Extract, exactly as written, the line that contains "あら熱がとれた(1)にマシュ" and all lines after it through the end of the records. Omit pictures.

--- START ---

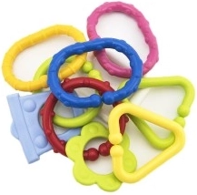 Het speelgoed is gemaakt van duurzame en lichte kunststof die prettig in kleine handjes ligt. Het ondersteunt de natuurlijke ontwikkeling van de grijpreflex, oog-handcoördinatie en het vroege begrip van vormen en kleuren. De onderdelen zijn thuis en onderweg te gebruiken – ze zijn gemakkelijk schoon te maken en gaan lang mee.
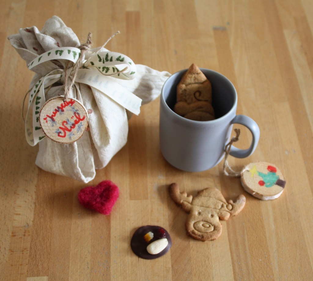 Pour le contenant, j’avais trouvé des grande tasses (une des anses m’est restée dans la main, j’ai pris un bocal en céramique à la place). Nous les avons ensuite emballées dans du tissu avec un morceau de ruban décoré de sapin et de la ficelle dorée (zéro déchet). Les filles ont décoré des rondins de bois avec des marqueurs et l’aînée a aussi fait un petit cœur en laine feutrée (jusqu’à ce que l’aiguille à feutrer casse).
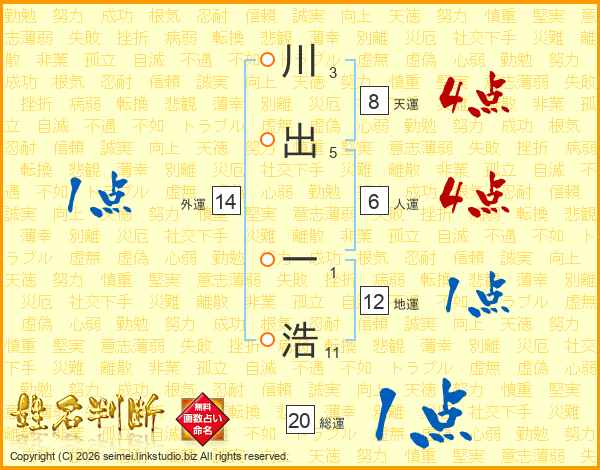 生活面を象徴する運勢です。外部から受ける影響力を表し、結婚運、家庭運や職場、環境への順応性を表します。総運から人運を引いた画数。姓や名が1文字の場合を除く。
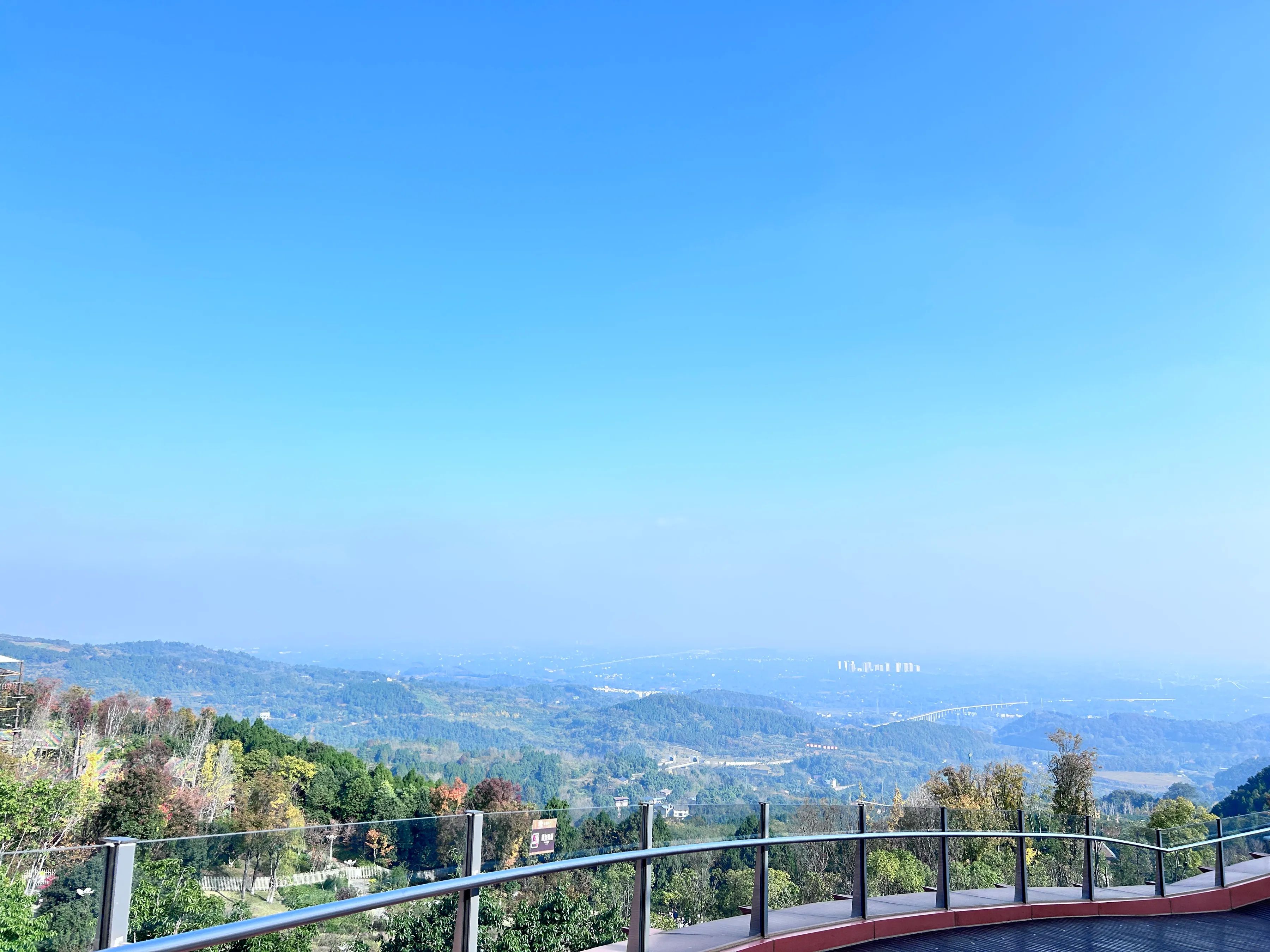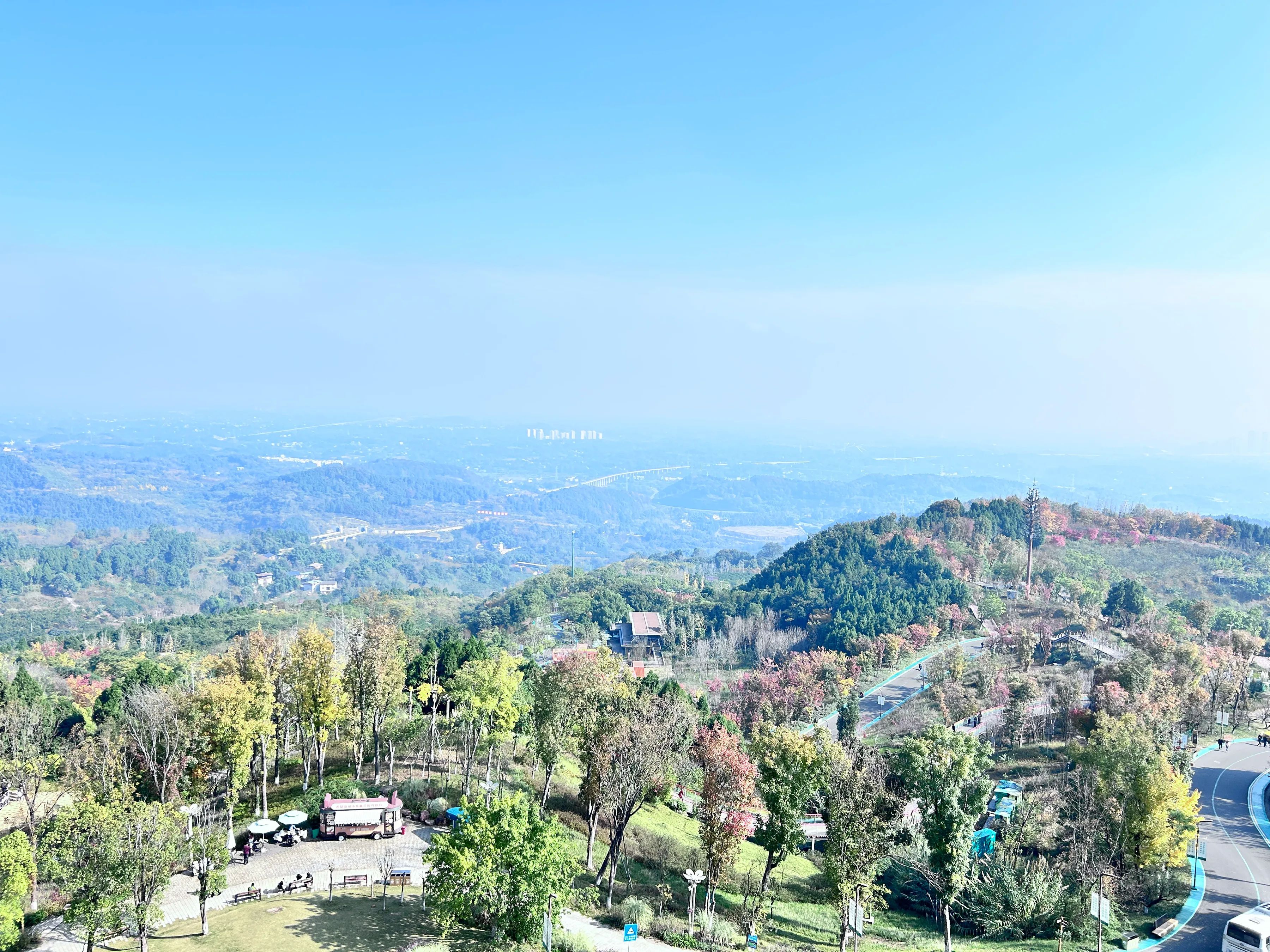 - 山顶视野开阔,可以俯瞰成都平原,天气晴朗时还能远眺成都市区。
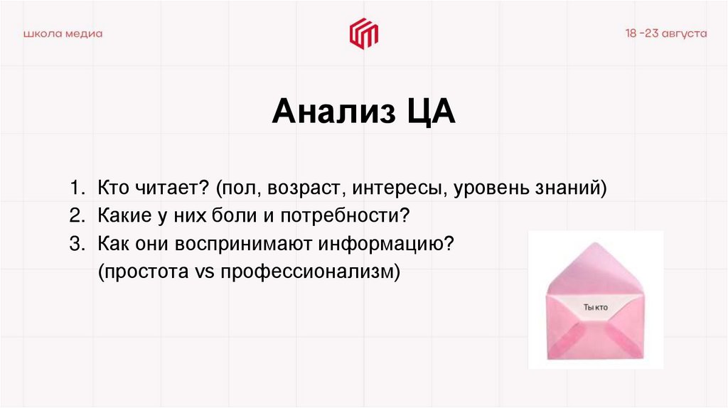 Понимание своей ЦА помогает вам создавать релевантный контент.Формат контента
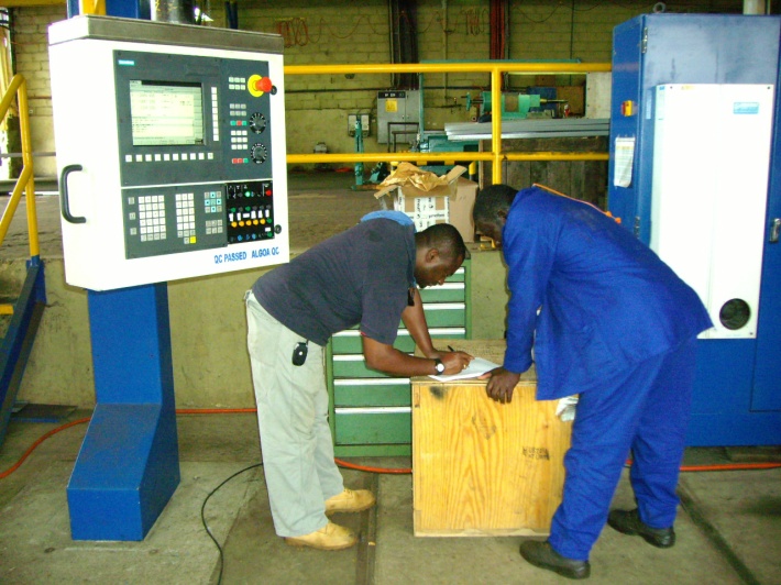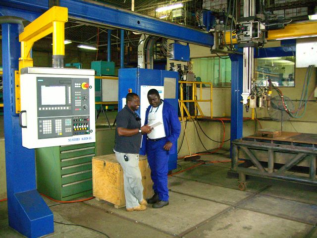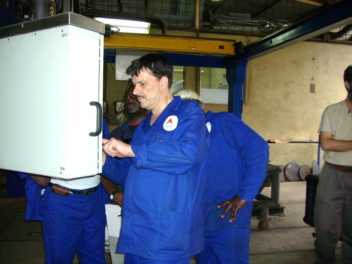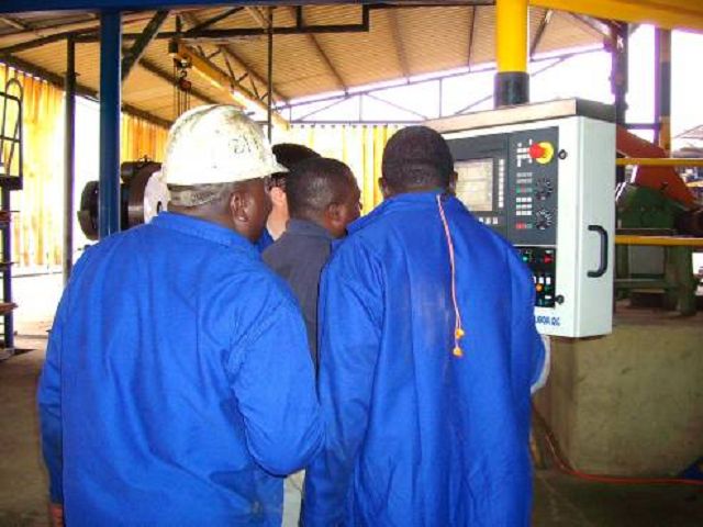 Bild 8 B: H. P. Widmer schult in Angola die Operateure an der neuen CNC Steuerung.
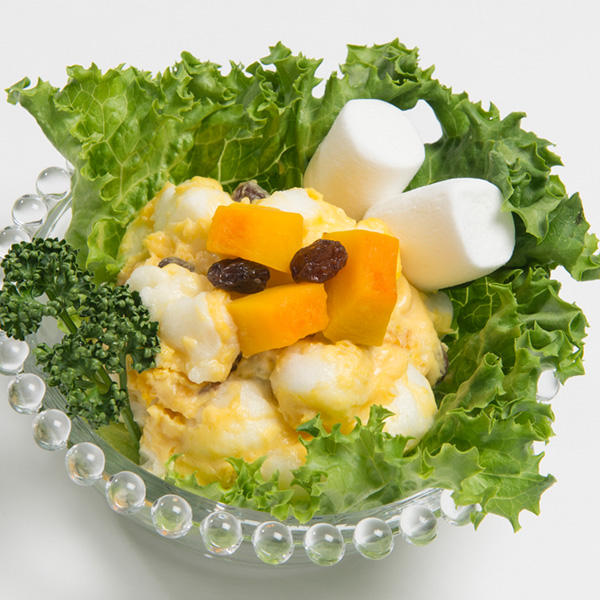 あら熱がとれた(1)にマシュマロ、マヨネーズ、ヨーグルト、レーズンを入れ全体を混ぜ合わせ、ラップをして一晩(4~5時間遺以上)冷蔵庫で冷やしお召し上がりください。
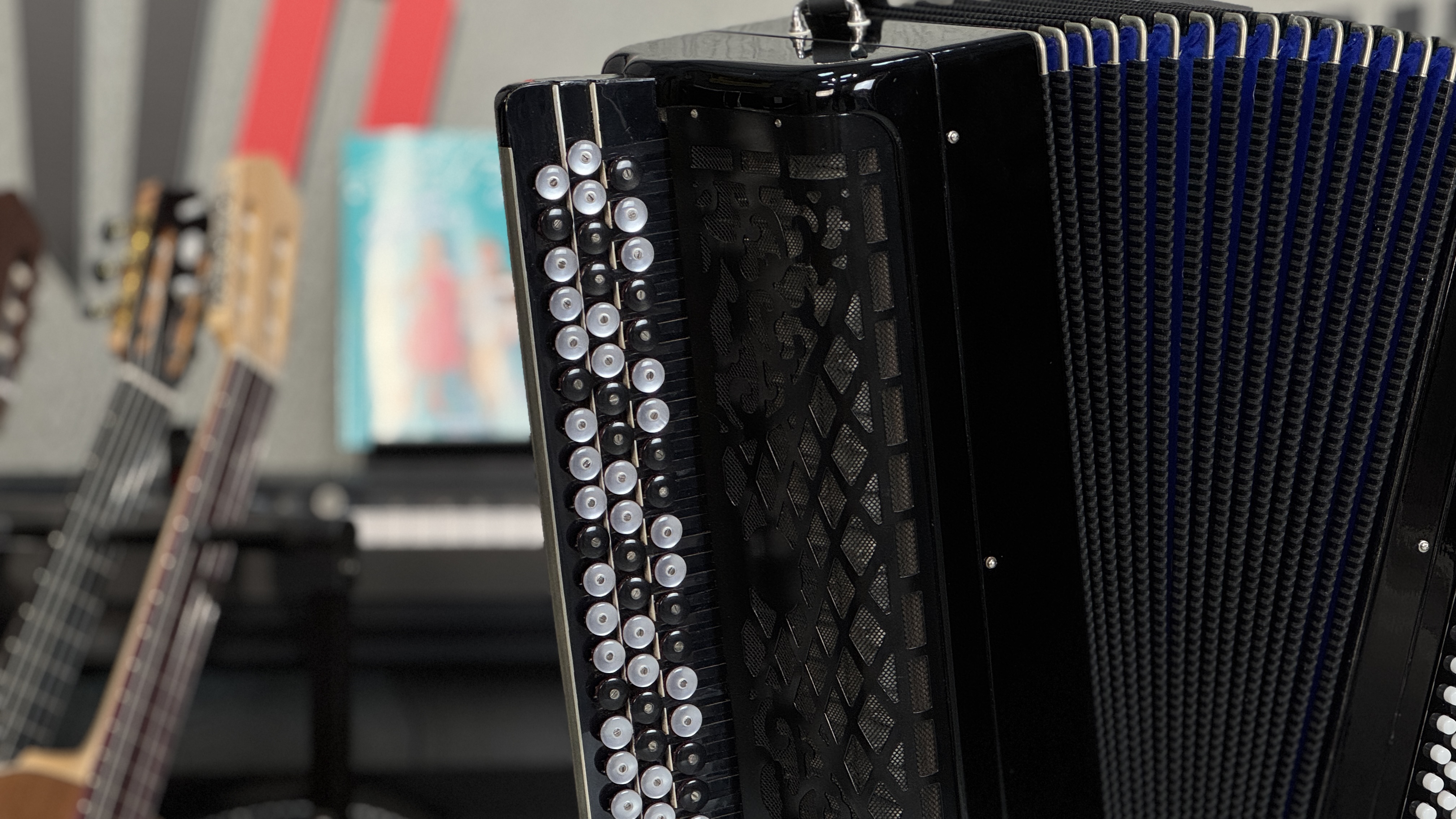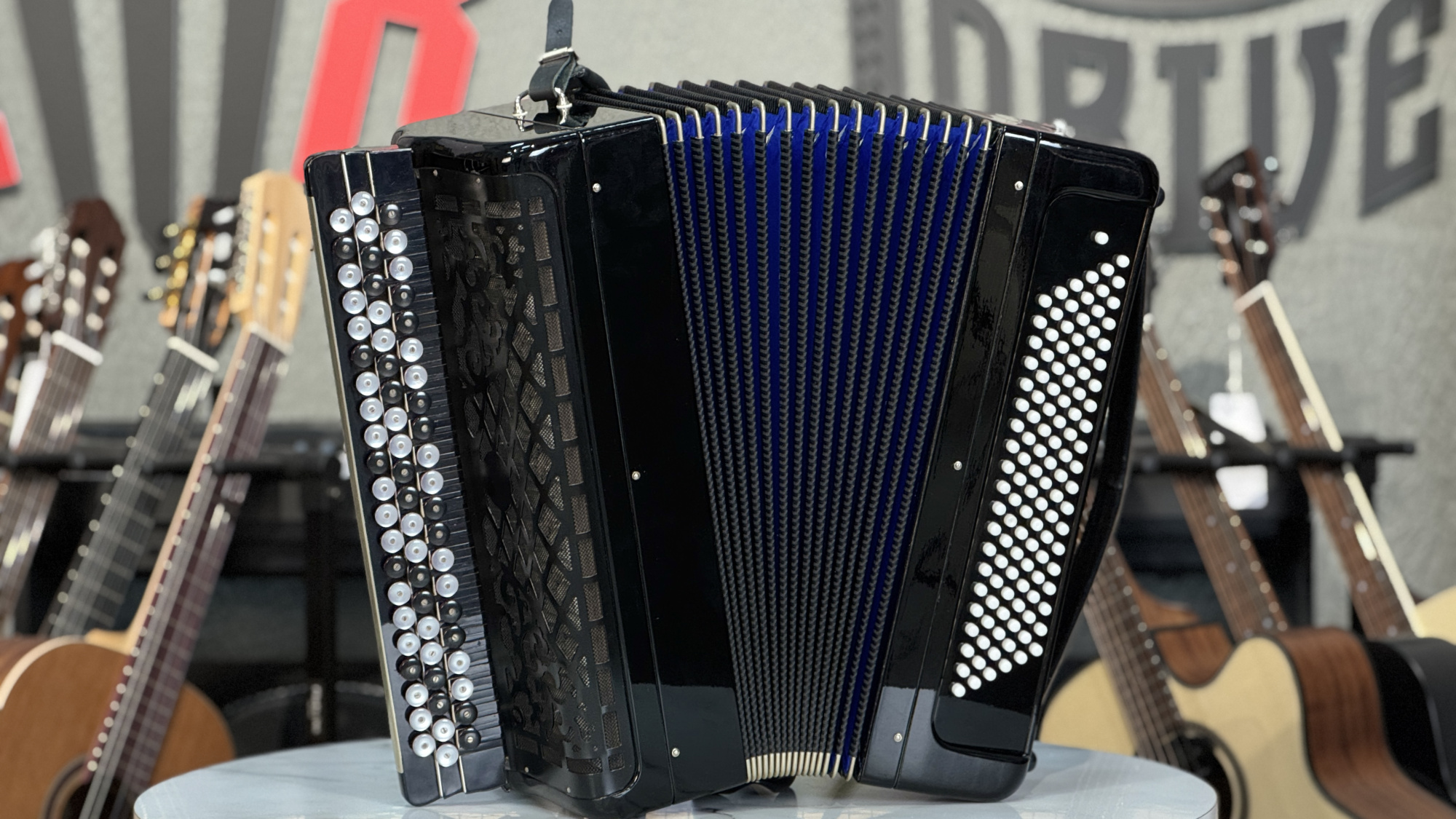 регулировка левого ремня металлическим колесиком, мельхиоровые уголки, белые левые кнопки, перламутровые черно-белые правые кнопки |

--- END ---

▸ Output of the task:
 あら熱がとれた(1)にマシュマロ、マヨネーズ、ヨーグルト、レーズンを入れ全体を混ぜ合わせ、ラップをして一晩(4~5時間遺以上)冷蔵庫で冷やしお召し上がりください。
 регулировка левого ремня металлическим колесиком, мельхиоровые уголки, белые левые кнопки, перламутровые черно-белые правые кнопки |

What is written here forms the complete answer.